• _Instructions for the task_:
Which lines come from the start of the listing through the line holding "- Пържих от"? Restate exactly those, both included, minus the pictures.

• _Raw data_:
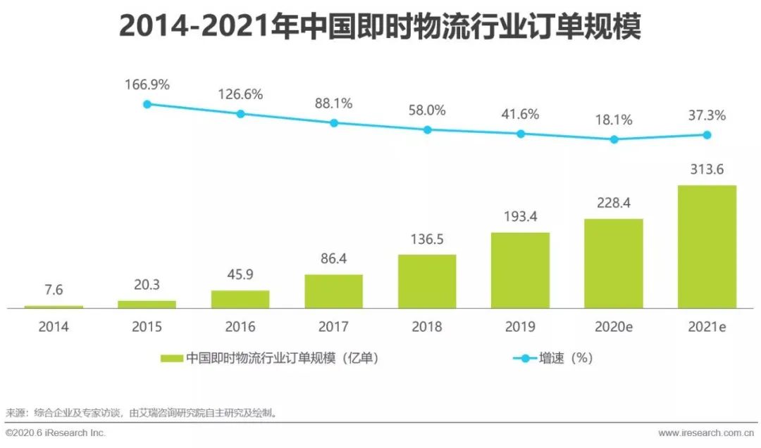 从市场订单规模来看,2020年新冠肺炎疫情对即时物流行业产生了显著影响,2020年的预计增速相较2019年有明显跌幅,但目前来看,即时物流行业的整体发展前景向好,预计2021年将有明显恢复。从近两年的整体即时物流行业来看,入局者不断增加,如顺丰集团下顺丰同城急送的即时物流品牌独立;滴滴上线“滴滴跑腿”,切入即时物流市场等。市场活跃度明显提升,竞争显著,有益于整体即时物流行业的健康发展。
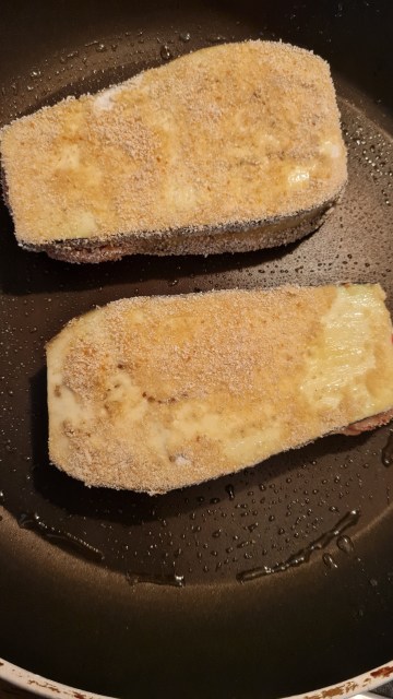 - Пържих от двете страни за около 5 минути или докато усетя, че патладжанът е омекнал. Колкото по-дебело е отрязан, толкова по-дълго ще се пържи. Котлонът намалявам малко, за да не ми изгори бързо панировката.
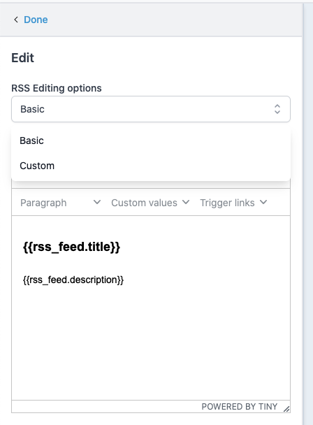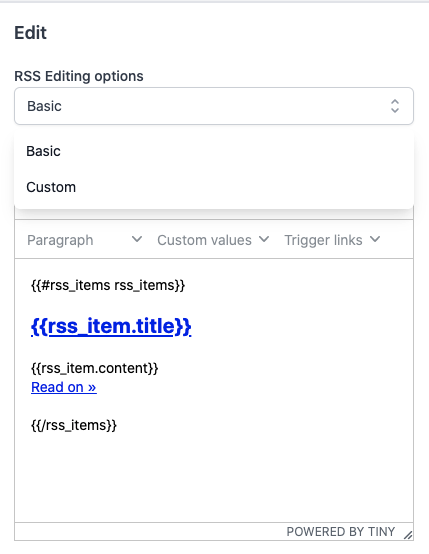 {{#rss_items rss_items}}<h2 class="mc-toc-title"><a href="{{rss_item.url}}" target="_blank">{{rss_item.title}}</a></h2>{{rss_item.content}}<br /><a href="{{rss_item.url}}" target="_blank">Read on »</a><br /><br />{{/rss_items}}Custom: Editierbarer Text:
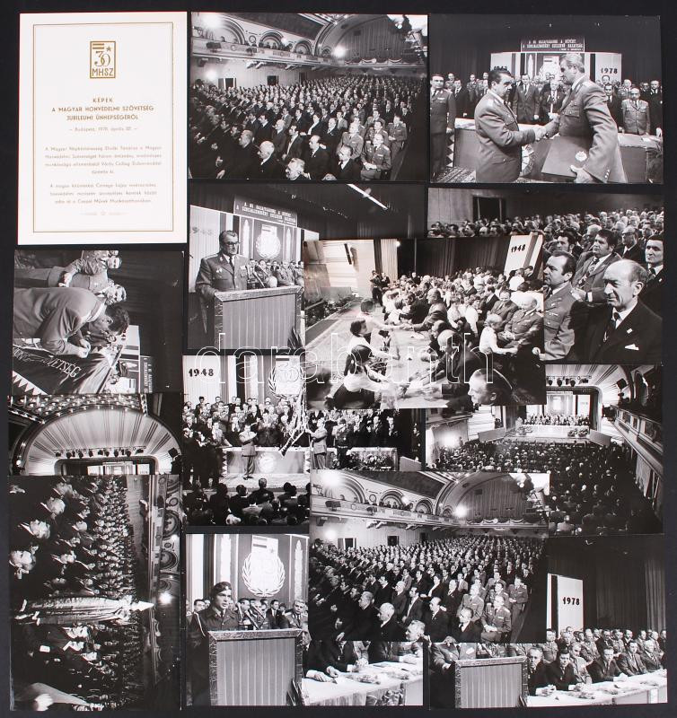 Beschreibung: 1978 13db fotó a 30 éves Magyar Honvédelmi Szövetség jubileumi ünnepségéről számos katonai főtiszt részvételével, mellékelve egy meghívó, 13x18cm

• _Finished task_:
 从市场订单规模来看,2020年新冠肺炎疫情对即时物流行业产生了显著影响,2020年的预计增速相较2019年有明显跌幅,但目前来看,即时物流行业的整体发展前景向好,预计2021年将有明显恢复。从近两年的整体即时物流行业来看,入局者不断增加,如顺丰集团下顺丰同城急送的即时物流品牌独立;滴滴上线“滴滴跑腿”,切入即时物流市场等。市场活跃度明显提升,竞争显著,有益于整体即时物流行业的健康发展。
 - Пържих от двете страни за около 5 минути или докато усетя, че патладжанът е омекнал. Колкото по-дебело е отрязан, толкова по-дълго ще се пържи. Котлонът намалявам малко, за да не ми изгори бързо панировката.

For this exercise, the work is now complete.